Recommended Reads: Outlander

A friend of mine had talked about the Outlander series, and told me to read it. But I thought it wasn’t for me – I don’t do romance novels, and I was put off by the fact that there were 7 (now 8, maybe more) books in the series. Those things still stand, and I’m making no promises that I’ll read every single one, but there is no denying the fact that I have very much enjoyed the series so far.

The first book, Cross Stitch, introduces Claire and her husband Frank, who are trying to rediscover their love following a long separation during World War II – he being a soldier, she a field nurse. They take a trip to Scotland, where Frank can share with Claire his love of history, and research his family tree.  While there, Claire visits and ancient stone circle and his transported back in time to the 1740’s, the time of the Jacobite Rebellion, when the Scottish Highlands were a dangerous place to be. In trying to find her way home she meets Jamie Fraser, and ultimately becomes torn between wanting to her back to her own time, and wanting to stay.

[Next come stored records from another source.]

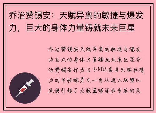 乔治赞锡安:天赋异禀的敏捷与爆发力,巨大的身体力量铸就未来巨星
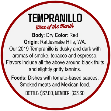 Our 2019 Tempranillo is dusky and dark with aromas of smoke, tobacco and espresso. Flavors include all the above around black fruits and slightly gritty tannins.
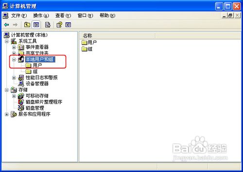 进入计算机管理界面,左边框里在系统工具下点开(本地用户和组),再点下面的(用户)。

There are a number of reasons why this book works so well. Firstly, there is a lot of real historical detail, which makes it much more interesting than just a raunchy love story that happens to be set in the past. Secondly, making Claire a World War II field nurse makes it a lot easier for the reader to believe that she could survive in Jacobite Scotland – she’s used to war and conflict, to seeing death and injury, and living in difficult conditions devoid of twentieth century home comforts. And, lets face it, the home comforts of the 1940’s aren’t exactly as comfortable as those of today. If she had been from the 1990’s, when Gabaldon wrote the novel, I don’t think it would have worked. Thirdly, Claire is a good strong character, not at all a damsel in distress type, which would have been just irritating. She helps and guides Jamie as much as he helps and guides her.

“You are my courage as I am your conscience. You are my heart, and I your compassion. We neither of us are whole, alone. Do ye not know that, Sassenach?”

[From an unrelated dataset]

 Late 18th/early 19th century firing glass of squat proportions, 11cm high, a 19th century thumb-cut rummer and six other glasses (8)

The rich historical backdrop and beautiful Highland setting, plus interesting secondary characters such as Dougal and Gellis, added to my enjoyment of this book. It isn’t flat and one dimensional, as I had feared. And the recent TV adaptation is just brilliant in my opinion – perfectly cast and very well acted. Tobias Menzies in particular, as both Frank and Frank’s ancestor Jack Randall, is fantastic. Randall has to be one of the most ruthless characters I have ever encountered, and the scenes between him and Sam Heughan as Jamie in particular are as gripping as they are disturbing.

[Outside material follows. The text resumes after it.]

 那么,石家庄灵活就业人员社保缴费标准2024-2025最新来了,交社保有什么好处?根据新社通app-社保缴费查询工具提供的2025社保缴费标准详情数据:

A word of warning – each book in this series is seriously long, and I have to admit to skipping more than a few pages in books two and three. I personally don’t think any book should be (or needs to be) over 1000 pages, and the bits I skipped were no loss to the story over all. I’m not sure how Claire and Jamie’s story can continue over so many long novels without losing my interest, but I’d be happy to be proved wrong – book four, Drums of Autumn, awaits.